"Cityzens" run for clean air and healthier public spaces

With the international climate change conference, COP27, concluding last week in Sharm el-Sheikh, Egypt, the world's attention was once again brought to the ongoing global impact of climate change and the need to drastically reduce vehicle emissions, coal-fuelled power plants and fumes from chemical production.


Air pollutants not only fuel climate change, but also damage our health.
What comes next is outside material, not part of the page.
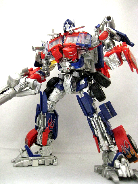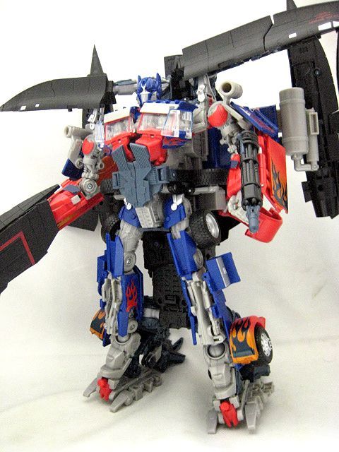とにかく元のジェットファイアー自体も相当大きいものですからそれに同じくらいの体積のオプティマスが合体するので奥行横幅が相当大きく、そしてこれの数カ月後に登場するサ○ライハオーと偶然一致するかのような2人羽織のような横からの外見と置物加減(笑)

Ongoing exposure to harmful toxins in the air increases the risk of heart attacks, lung cancer, stunted development in children and asthma, among other problems.


People need to become aware of the quality of air they breathe and act at individual and collective level to improve their environment. 
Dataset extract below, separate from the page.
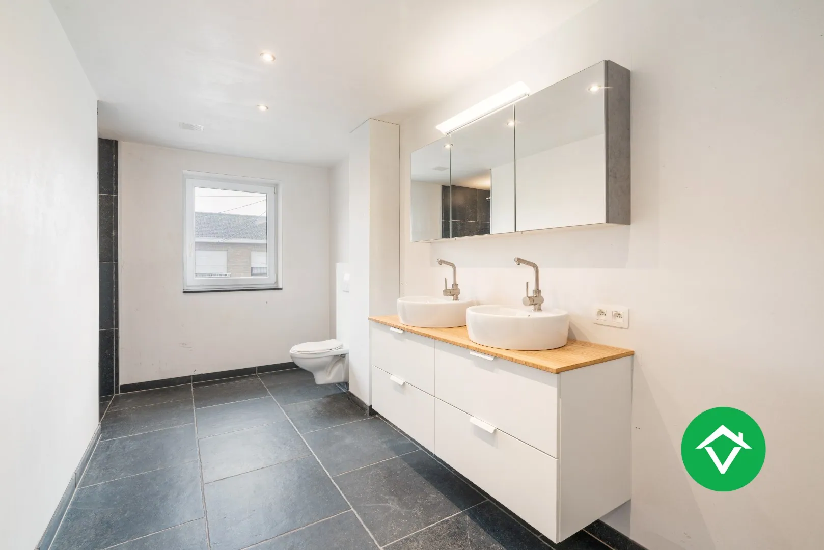 Op de eerste verdieping hebt u drie volwaardige slaapkamers waarvan één toegang biedt tot de zolder via een vaste ... trap. Daarnaast kan u ook de ruime badkamer terugvinden, voorzien van inloopdouche, lavabomeubel en toilet.

It is crucial for citizens and communities to become involved, reducing their own footprint through personal choices linked to energy and consumption, and advocating for business and government to make changes for the benefit of all.


As the Department of Science and Innovation (DSI), we look forward to hosting the World Science Forum (WSF) in December.  The theme for 2022, "Science for Social Justice", means that climate change will feature prominently.


Leading up to the WSF, there will be a five to 10 km fun run under the Cityzens 4 Clean Air campaign, starting at Sea Point, Mouille Point Lighthouse (Green Point) and Mandela Park in Khayelitsha.  


Participants will be equipped with wearable sensors to test the air quality on their route.  An app is used to capture geocoded data on built-up areas and possible sources of polluted air encountered.


The runners in Cape Town will be supported by runners in Accra, Ghana, and Lagos, Nigeria. 


Cityzens 4 Clean Air is part of the UrbanBetter Cityzens initiative, a collaborative learning and advocacy platform that mobilises citizens for healthy, sustainable, urban environments.


The campaign brings together young scientists, known as run leaders, who gather data on air quality in rapidly urbanising African cities, where measurement is often inadequate.  Routes are chosen to cover diverse socio-economic areas.


The intention is to raise awareness of the importance of clean air and the need to improve the measurement of urban air quality, as well as encourage young people to play a role in developing interventions that shape the urban environment for health and climate resilience.


The first Cityzens 4 Clean Air runs took place along the same routes in July, August and September 2022, and the second runs in late October/early November.  The results of the October/November runs were used for a social media campaign to highlight the effects of air pollution on health and climate change in the run-up to COP27, and featured on the Youth and Health-themed days.


On completion of the third runs in December, the data collected will be analysed, and the findings will be shared at the closing session of the WSF on 9 December.


Mabatho Ndwandwa and Modikoe Patjane, the DSI coordinators of the Cityzens 4 Clean Air run in South Africa, said the campaign taps into the potential of young people to contribute to the achievement of several of the UN Sustainable Development Goals.


"We need clean air," said Ms Ndwandwa, "We need to eradicate pollution to combat climate change and to make cities and human settlements inclusive, safe and sustainable."


The campaign highlights the importance and viability of participatory, science-informed decision-making for healthy, climate-resilient cities.  The use of science and technology tools by citizen scientists and young people in Africa and across the world allows the collection of scientific data that can inform decision-making.